"Pokojowe" wybuchy jądrowe. Tak w ZSRR szukano gazu i ropy

Aktualizacja:

Wybuch jądrowy w celach pokojowych? Tak w ZSRR szukano ropy i gazu, tworzono jeziora i zawracano rzeki. Szacuje się, że takich wybuchów w ciągu niecałych 30 lat było ponad 120. A skutki skażenia, choć miały być znikome, są odczuwane do dziś.

We wsi Gałkino w obwodzie iwanowskim panuje cisza i spokój. Ale nie zawsze tak było. 40 lat temu tuż za wioską przeprowadzono planowany wybuch jądrowy. Ładunek o mocy 2,3 kilotony umieszczono ponad 600 metrów pod ziemią, w specjalnie wywierconej sztolni. Teren otoczyło wojsko.

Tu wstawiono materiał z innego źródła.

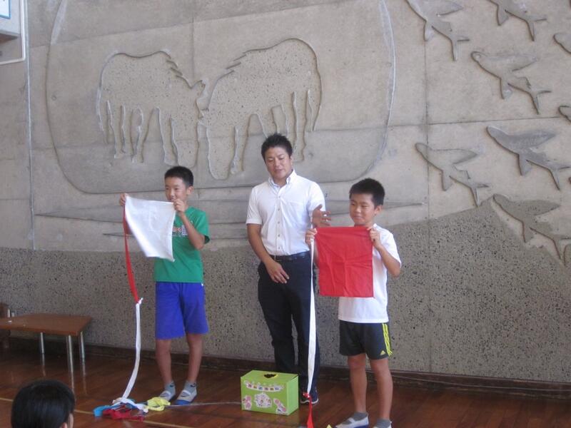 運動会の結団式をしました。各団長がくじ引きで旗を引き団の色が決まりました。各団ごとの練習もしました。団長、副団長、リーダーを中心にがんばってほしいです。
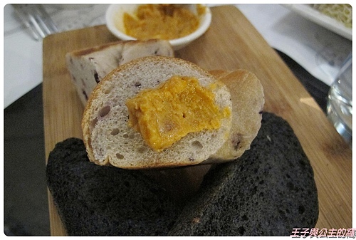 麵包部份,吃起來很鬆軟,尤其是配上那個特別的抹醬~好吃!!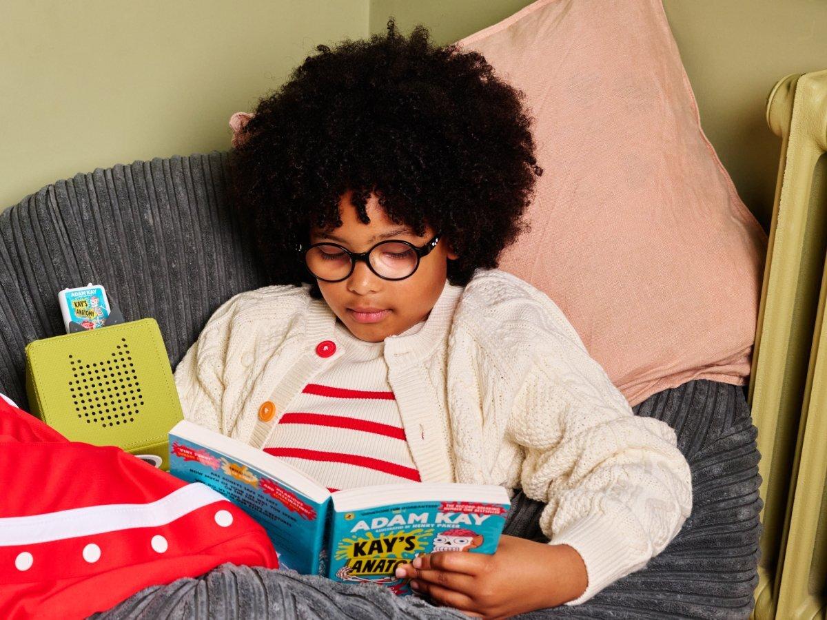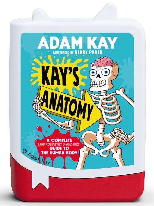 *tonies: Audiobook – Adam Kay (Kay's Anatomy)*Laugh-out-loud funny and quietly educational, curious kids will love Dr Adam Kay’s sick take on the human body. Just have them pop this Book Pocket Tonie on top of a Toniebox and get ready for plenty of snort-laughter and toilet humour, as Dr Kay takes them on a stomach-churning tour through their own insides. Covering key stage 2 and 3 human biology topics, it also features bogeys, poo, vomit and sweat. Would you get that in a classroom? Maybe – but with this Book Pocket Tonie, they might even want to listen at home…Tonies are characters that feature content, stories and songs from an ever-growing collection of modern favourites and timeless classics. Swapping stories is as simple as changing the Tonie on your Toniebox. Each Tonie is unique and includes its own selection of child-friendly content. (Artists performing tonies songs and stories may differ from those performing original licensed content.)*Specifics:** *Recommended Age* \*\*+* *Running Time* – approx. \*\* minutes* *Features* – Magnetic, hand-painted* *Contents* – 1× Tonie* *Material* – Plastic*Tracklist:*01\. Opening Titles02\. Introduction03\. Skin04\. Heart05\. Blood06\. Lungs07\. Brain08\. Hair And Nails09\. Eyes And Ears And Mouth And Nose10\. Bones11\. Muscles12\. Gut13\. Kidneys and Liver14\. Reproduction15\. Germs16\. Conclusion17\. Credits
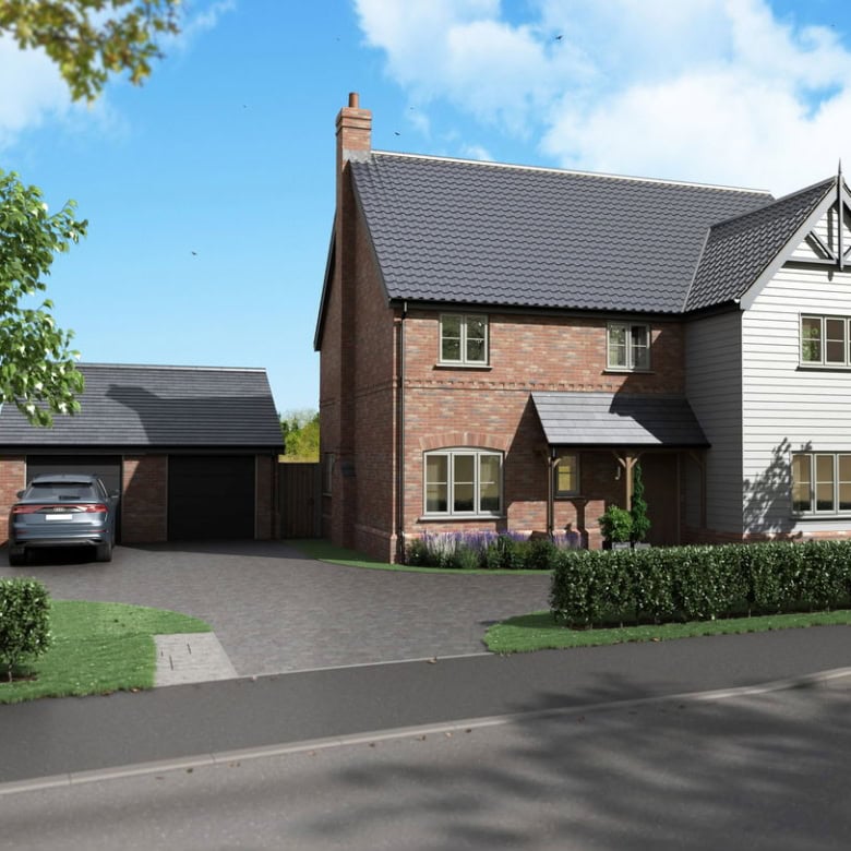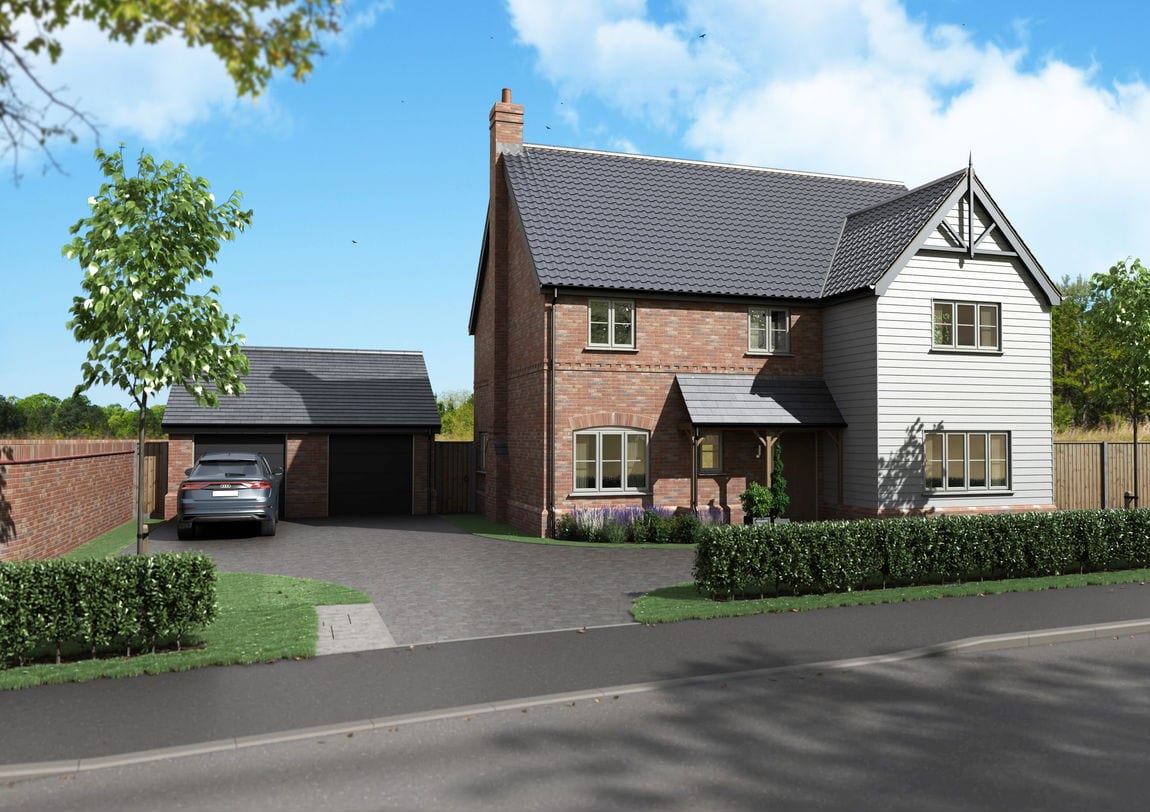 Plot 1 is one of the most luxurious properties within the prestigious Sky View development — a substantial five-bedroom home set on its own private driveway with a double garage and larger-than-average garden. From the carefully designed frontage, blending traditional brickwork with weatherboard cladding and an oak-framed porch, through to the bespoke finishes inside, this is a residence defined by craftsmanship and attention to detail.

- Siedzieliśmy na deskach koło domu. Patrzymy, a od tej strony las podnosi się, jakby zbliżała się do nas gigantyczna fala - mówi Wiaczesław Riabcow, mieszkaniec Gałkino.

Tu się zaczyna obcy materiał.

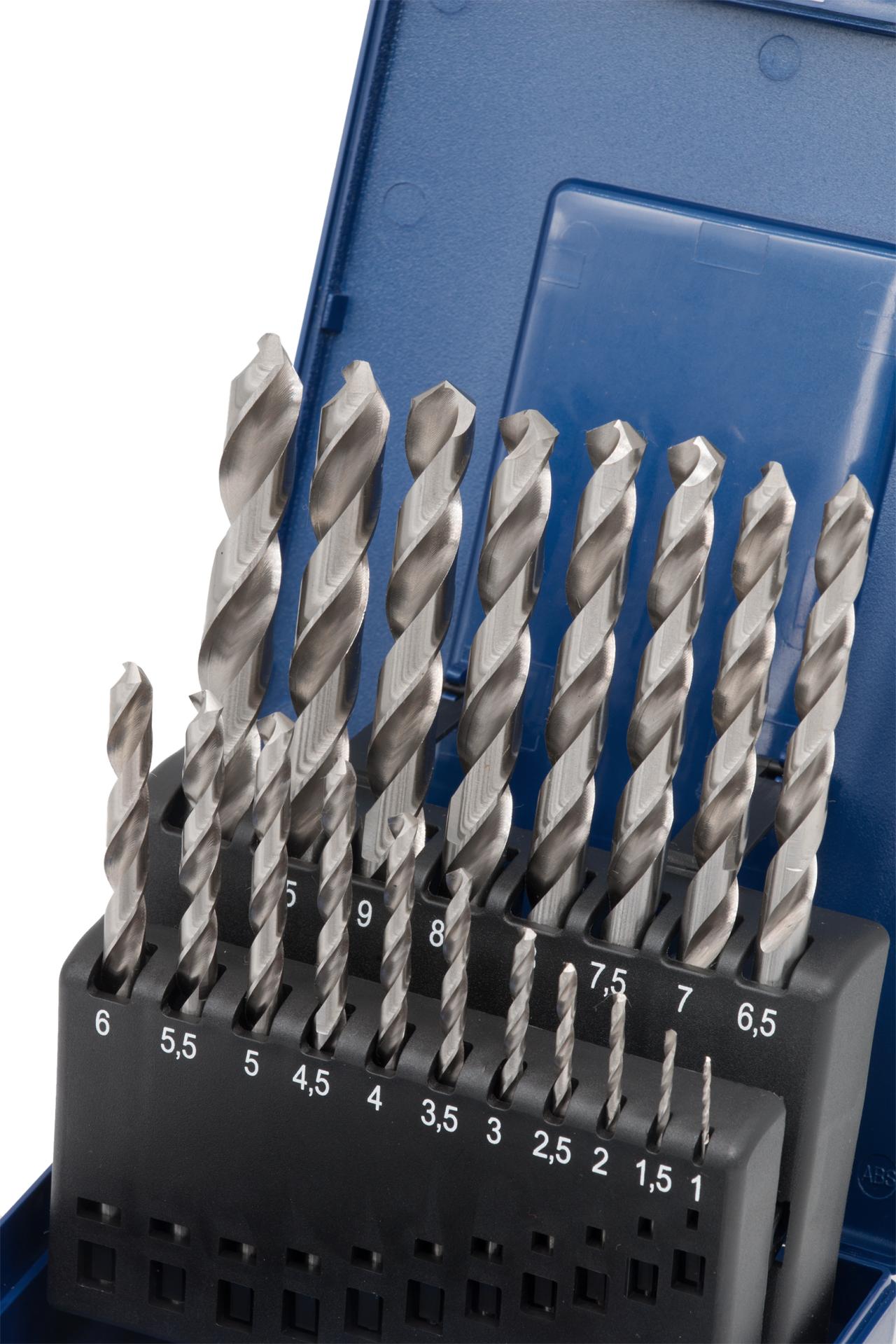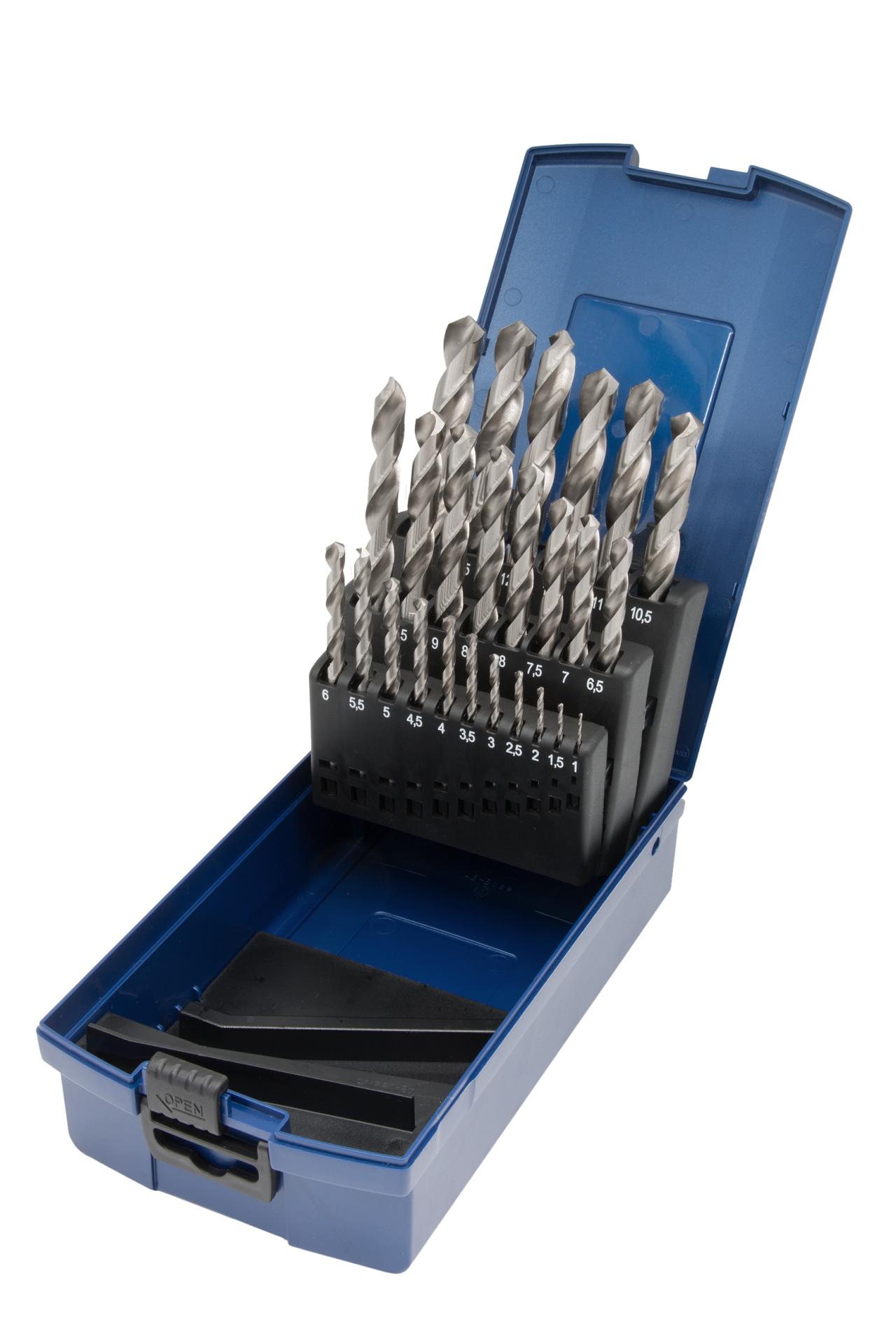 Sada spirálových vrtáků v kazetě DIN 338 HSS-E broušených 25 dílů

Szacuje się, że w latach 1965-988 przeprowadzono co najmniej 124 takie wybuchy. Miały pomagać w poszukiwaniach geologicznych, zwiększać wydobycie ropy naftowej i gazu. Większość miała miejsce głęboko pod ziemią, ale w Kazachstanie przy użyciu potężnego ładunku stworzono jezioro Czagan, w tajdze pod Uralem sprawdzano, czy można przy pomocy bomb atomowych wykopać kanał i zawrócić rzeki. Podejrzewa się, że część niezdetonowanych ładunków mogła do dziś pozostać w sztolniach.

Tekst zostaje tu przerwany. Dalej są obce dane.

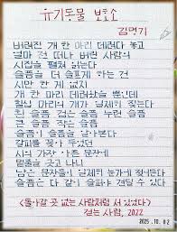 20191664 박건필/ 유기동물보호소-김명기 작성자박건필|작성시간25.10.16|조회수22 목록 댓글 0 글자크기 작게가 글자크기 크게가 버려진 개와 시집을 통해 슬픔의 공감을 표현합니다. 함께 아파하는것이 치유의 시작이라는걸 말하는것 같습니다. 다음검색 현재 게시글 추가 기능 열기 북마크 공유하기 신고 센터로 신고 댓글 댓글 0 댓글쓰기 답글쓰기 댓글 리스트

Śmiercionośne, choć niewidzialne skutki

Choć skażenia miało nie być, skutki "pokojowych wybuchów" są nadal odczuwane. W jeziorze Czagan nikt się dziś nie kąpie. Są w Rosji miejsca, w których promieniowanie sięga 6 tysięcy mikrorentgenów na godzinę – 100 razy powyżej dopuszczalnej normy. Izotopy pojawiają się w źródłach wody pitnej. A mieszkańcy wiosek, w których dochodziło do eksplozji, skarżą się na choroby - głównie raka. - Ja poroniłam w szóstym miesiącu ciąży. A praktycznie wszystkich mężczyzn skosił rak - mówi Nadieżda Pietrowna, felczer z Gałkina.

Prócz tego, jak ostrzegają służby ochrony przyrody, żyjące w okolicy "atomowych wiosek" zwierzęta mogą być skażone, ale nadal urządza się na nie polowania. Promieniowanie to wróg, którego nie widać, dlatego nie zwraca się na niego uwagi.